The BLISTER malware [2] [3] [4], a well-known loader [2], is currently being used in conjunction with SocGholish in multiple campaigns. It serves as a second-stage loader for distributing Cobalt Strike and LockBit ransomware [2] [3]. BLISTER is integrated into a legitimate VLC Media Player library to bypass security software and infiltrate victim networks [2].


This updated version of BLISTER includes a keying feature [3], which allows for precise targeting of victim networks and reduces exposure in VM/sandbox environments [3]. Initially discovered in December 2021 [1] [3] [4], BLISTER has since been utilized to distribute Cobalt Strike and BitRAT payloads on compromised systems [3]. The authors of BLISTER consistently employ techniques to evade detection and complicate analysis [3], ensuring its effectiveness as an active loader capable of deploying various types of malware while maintaining a low profile [3]. BLISTER is actively maintained and used to load various types of malware [1] [4], including clipbankers [4], information stealers [4], trojans [4], ransomware [1] [2] [3] [4], and shellcode [4].
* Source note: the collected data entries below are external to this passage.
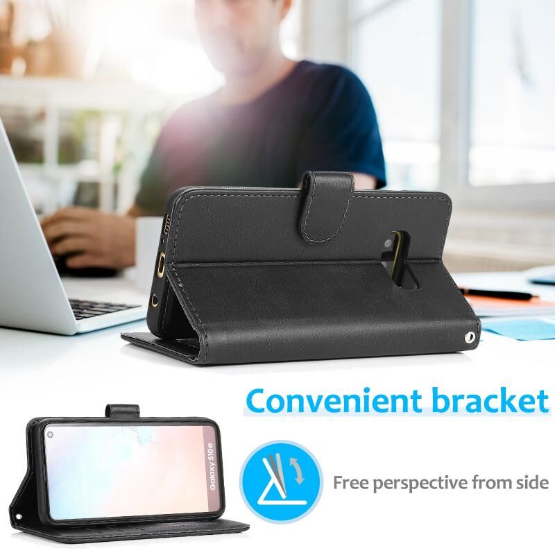 Για Samsung Galaxy S10e Calf Texture 2 σε 1 Αποσπώμενο μαγνητικό πίσω κάλυμμα Οριζόντια Flip δερμάτινη θήκη με θήκη & υποδοχές για κάρτες & πορτοφόλι & κορνίζα φωτογραφιών (Μαύρο)
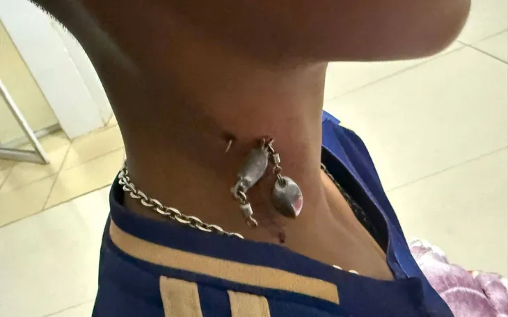 Sau thăm khám, bác sĩ xác định đây là tình huống tiềm ẩn nguy cơ cao do vùng cổ tập trung nhiều mạch máu lớn và dây thần kinh quan trọng. Nếu xử trí không đúng cách có thể gây chảy máu nặng hoặc để lại di chứng.
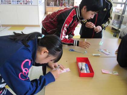 すてきなセンスのいいしおりができました。後日、ラミネートされ、リボンをつけたしおりが手元に戻ってきます。
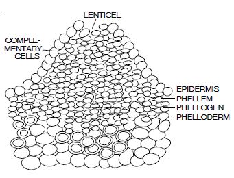 with loose aggregate cells called comple-mentary cells derived from the periderm and acts as an organ of gaseous exchange.
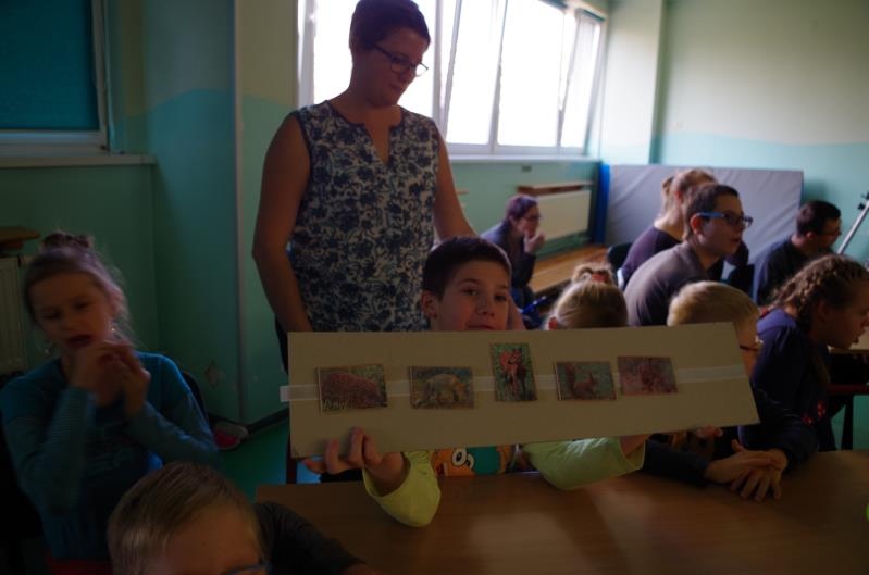 Tak jak zwykle było rozpoznawanie, nazywanie, liczenie, segregowanie i układanie wzorów. Tym razem uczniowie ćwiczyli te umiejętności z wykorzystaniem jesiennych leśnych skarbów tj. kolorowych liści, żołędzi, kasztanów, jarzębiny, bukowych orzeszków, szyszek itp. Uczestnicy konkursu przypomnieli sobie jak trzeba ubrać się na jesienny spacer, a także jakie zwierzęta można zobaczyć w lesie. Na pamiątkę wszystkim klasom zostały jesienne „ludziki”.
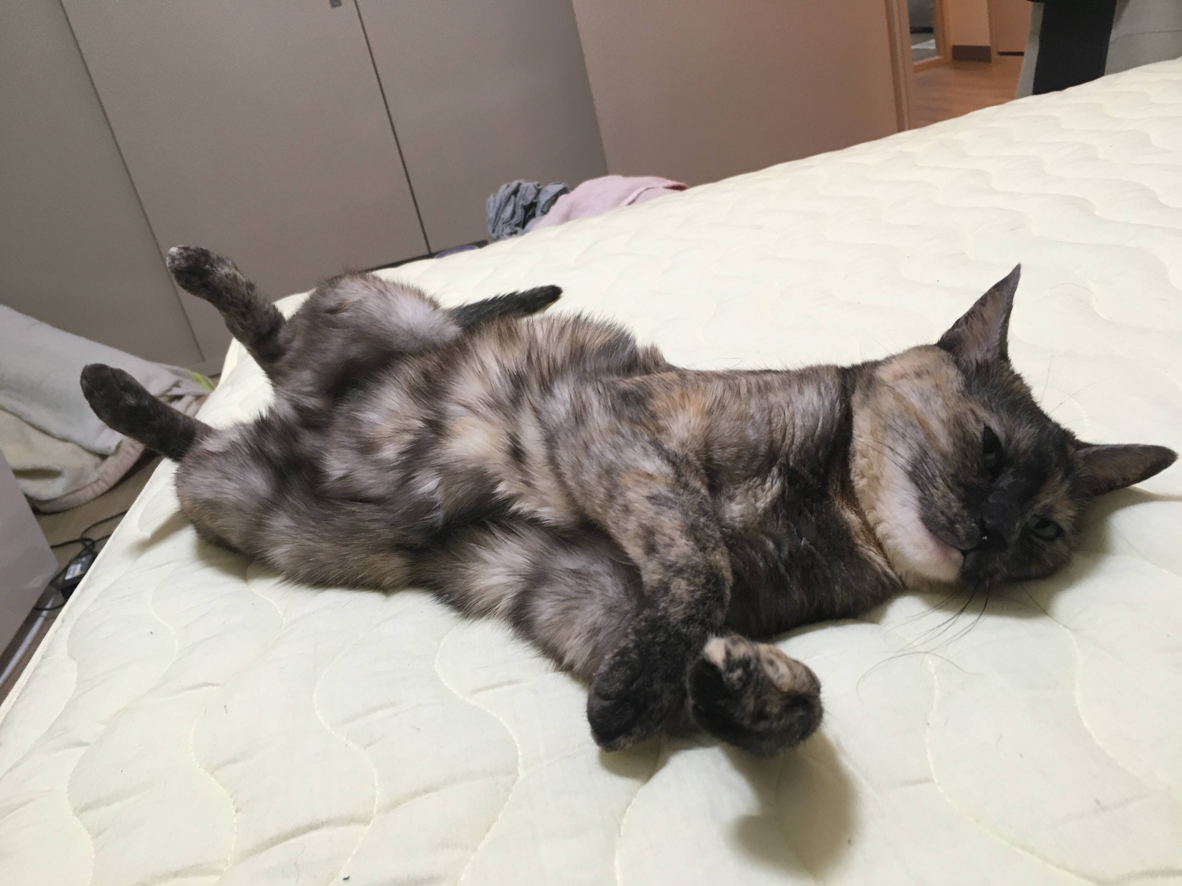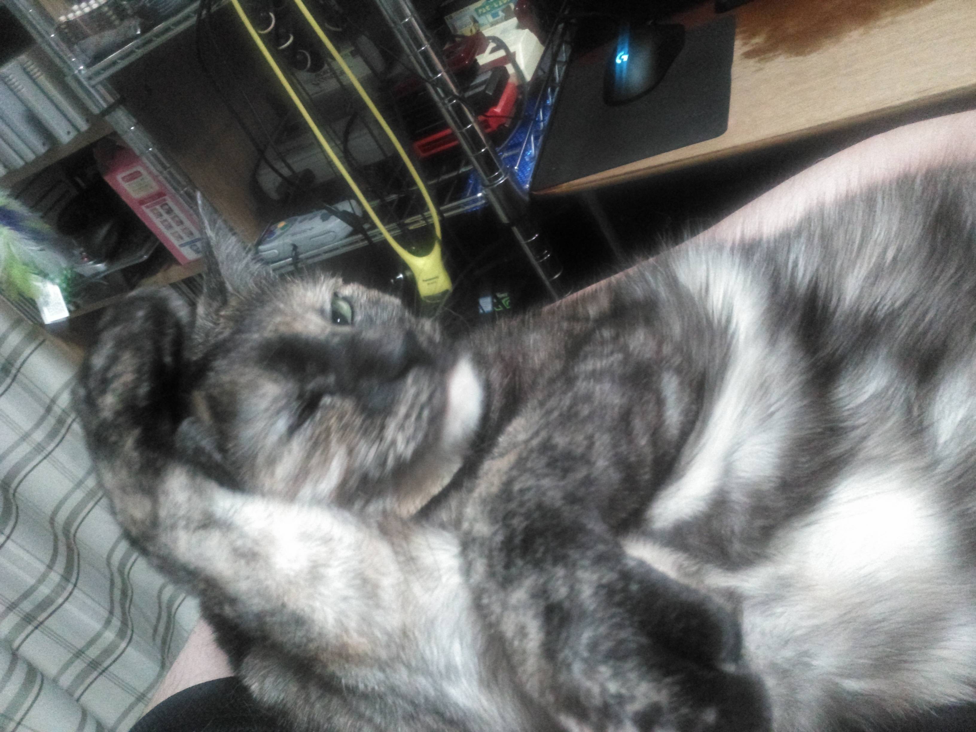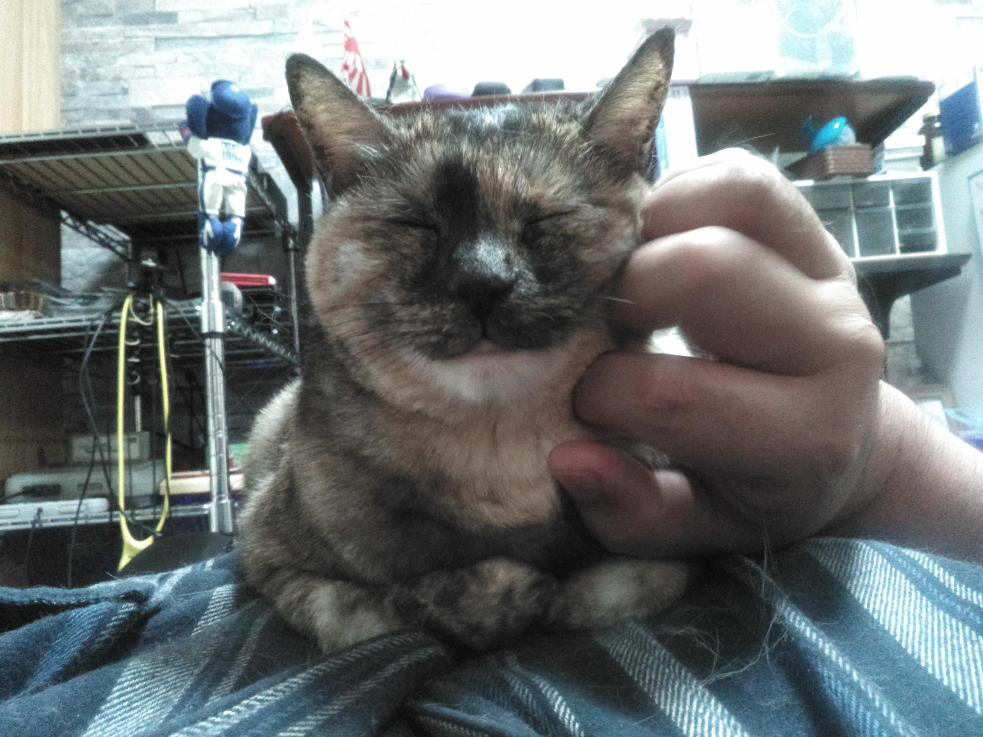 サビ猫ちゃんだから女の子かな?あまり甘えないってイメージあったけど甘えん坊そうだしうっとりしてる顔もしてていいな

The presence of BLISTER malware alongside SocGholish in multiple campaigns poses significant risks to victim networks. Its integration into a legitimate VLC Media Player library allows it to bypass security software, making it difficult to detect and mitigate. The keying feature of the updated version enhances its ability to target specific networks, further increasing its potential impact. To effectively combat BLISTER and its associated threats, organizations should implement robust security measures, including regular software updates and comprehensive threat detection systems. Additionally, ongoing research and analysis are crucial to staying ahead of the evolving techniques employed by the authors of BLISTER.